Start of Data block
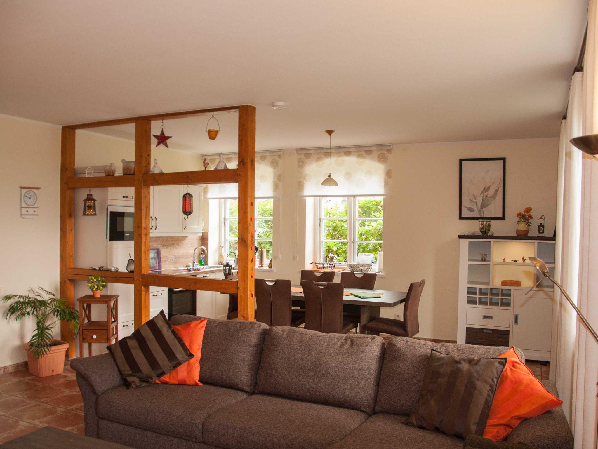 Das durchdachte Farbkonzept mit warmen Farben und aufeinander abgestimmten Möbeln verleiht der Wohnung ihren besonderen Charme. Im kombinierten Wohn- und Essbereich können Sie es sich auf der riesigen Sofalandschaft beim Lesen, Fernsehen oder vor dem Kamin bequem machen oder in der vollwertig ausgestatteten Küche mit hochwertigen Markengeräten von Siemens Ihrer Kochfreude freien Lauf lassen. Der große Holztisch mit bequemen Schwingstühlen lässt Sie beim gemeinsamen Essen den Alltagsstress schnell vergessen. Ein großzügiges Badezimmer mit Badewanne und Dusche lässt keine Wünsche offen. Die Fußbodenheizung in der gesamten Wohnung sorgt für angenehme Wärme zu jeder Jahreszeit. Genießen Sie die zur Wohnung gehörende nach Süden ausgerichtete Terrasse mit Blick in den Garten, auf den Bodden sowie die Zickerschen Alpen. Zur Wohnung gehört ein kostenfreier Pkw-Stellplatz direkt am Haus. Ihre Fahrräder können Sie in unserem Fahrradcarport trocken unterbringen. Internet über WLAN steht Ihnen kostenfrei zur Verfügung.
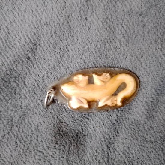 จิ้งจก งาแกะ จารอักขระ เลี่ยมเก่า ไม่ทราบที่ |
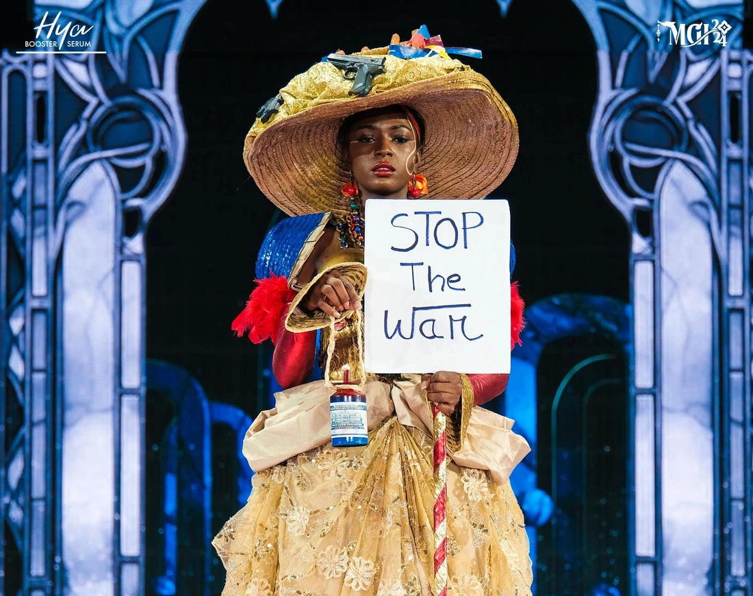 Phần trình diễn trang phục dân tộc trong khuôn khổ cuộc thi Hoa hậu Hòa bình Quốc tế 2024 (Miss Grand International) gây chú ý với thông điệp kêu gọi ‘chấm dứt chiến tranh’ của người đẹp đến từ Haiti.
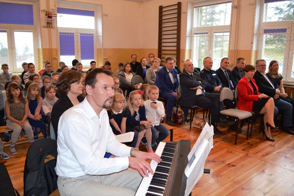 Przewodniczącego gminnej komisji ds. rozwiązywania problemów alkoholowych - Edmunda Wykroty oraz dyrektora Gminnej Bibliteki Publicznej – Magdaleny Kowalik. Słodkie niespodzianki ofiarowali wszystkim uczniom
End of Data block
▶ _What the task asks_
Repeat the data above word for word, without pictures.

▶ _Problem solution_
 Das durchdachte Farbkonzept mit warmen Farben und aufeinander abgestimmten Möbeln verleiht der Wohnung ihren besonderen Charme. Im kombinierten Wohn- und Essbereich können Sie es sich auf der riesigen Sofalandschaft beim Lesen, Fernsehen oder vor dem Kamin bequem machen oder in der vollwertig ausgestatteten Küche mit hochwertigen Markengeräten von Siemens Ihrer Kochfreude freien Lauf lassen. Der große Holztisch mit bequemen Schwingstühlen lässt Sie beim gemeinsamen Essen den Alltagsstress schnell vergessen. Ein großzügiges Badezimmer mit Badewanne und Dusche lässt keine Wünsche offen. Die Fußbodenheizung in der gesamten Wohnung sorgt für angenehme Wärme zu jeder Jahreszeit. Genießen Sie die zur Wohnung gehörende nach Süden ausgerichtete Terrasse mit Blick in den Garten, auf den Bodden sowie die Zickerschen Alpen. Zur Wohnung gehört ein kostenfreier Pkw-Stellplatz direkt am Haus. Ihre Fahrräder können Sie in unserem Fahrradcarport trocken unterbringen. Internet über WLAN steht Ihnen kostenfrei zur Verfügung.
 จิ้งจก งาแกะ จารอักขระ เลี่ยมเก่า ไม่ทราบที่ |
 Phần trình diễn trang phục dân tộc trong khuôn khổ cuộc thi Hoa hậu Hòa bình Quốc tế 2024 (Miss Grand International) gây chú ý với thông điệp kêu gọi ‘chấm dứt chiến tranh’ của người đẹp đến từ Haiti.
 Przewodniczącego gminnej komisji ds. rozwiązywania problemów alkoholowych - Edmunda Wykroty oraz dyrektora Gminnej Bibliteki Publicznej – Magdaleny Kowalik. Słodkie niespodzianki ofiarowali wszystkim uczniom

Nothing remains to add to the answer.